Modeling with OptiGraphs
The primary modeling object in Plasmo.jl is the OptiGraph. An optigraph is composed of OptiNodes (which represent self-contained optimization problems) which are connected by OptiEdges (which encapsulate LinkConstraints that couple optinodes). The optigraph provides a modular approach to create optimization problems and provides graph functions which can be used to manage model development, reveal inherent structures, and perform graph processing tasks such as partitioning.
The optigraph ultimately describes the following mathematical representation of an optimization problem:
\[\begin{aligned} \min_{{\{x_n}\}_{n \in \mathcal{N}(\mathcal{G})}} & \quad \sum_{n \in \mathcal{N(\mathcal{G})}} f_n(x_n) \quad & (\textrm{Objective}) \\ \textrm{s.t.} & \quad x_n \in \mathcal{X}_n, \quad n \in \mathcal{N(\mathcal{G})}, \quad & (\textrm{Node Constraints})\\ & \quad g_e(\{x_n\}_{n \in \mathcal{N}(e)}) = 0, \quad e \in \mathcal{E(\mathcal{G})}. &(\textrm{Link Constraints}) \end{aligned}\]

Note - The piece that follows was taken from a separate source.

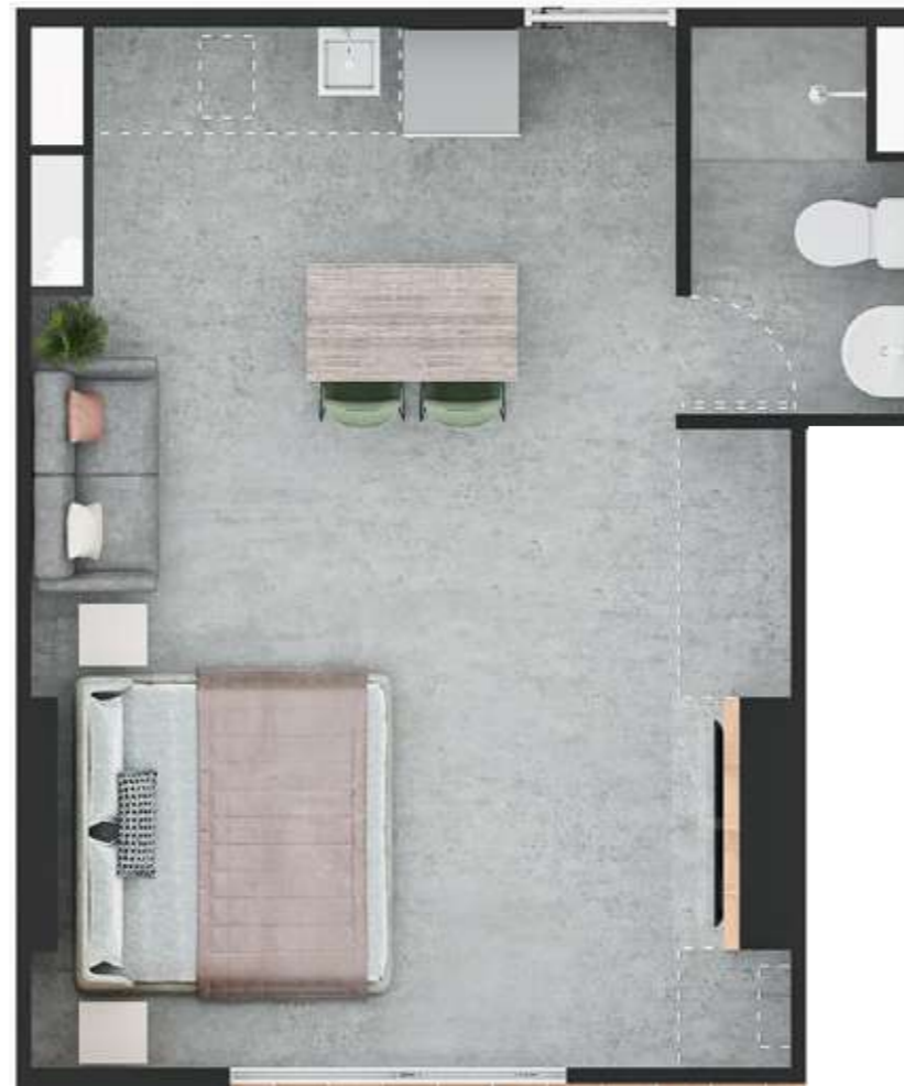
ASÍ LO RECIBES
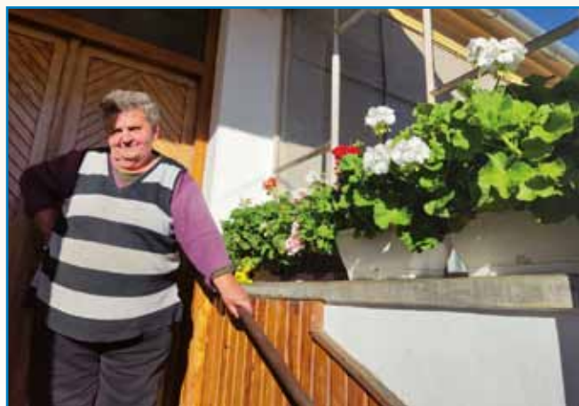
TE SO TAŠI ČASI BILI stran 8

In this formulation, $\mathcal{G}$ represents the optigraph, ${\{x_n}\}_{n \in \mathcal{N}(\mathcal{G})}$ describes a collection of decision variables over the set of nodes (optinodes) $\mathcal{N}(\mathcal{G})$, and $x_n$ is the set of decision variables on node $n$. The objective function for the optigraph $\mathcal{G}$ is given by a linear combination of objective functions on each optinode $f_n(x_n)$. The second equation represents constraints on each optinode $\mathcal{N}(\mathcal{G})$, and the third equation represents the collection of linking constraints associated with optiedges $\mathcal{E}(\mathcal{G})$. The constraints of an optinode $n$ are represented by the set $\mathcal{X}_n$ while the linking constraints that correspond to an edge $e$ are represented by the vector function $g_e(\{x_n\}_{n \in \mathcal{N}(e)})$.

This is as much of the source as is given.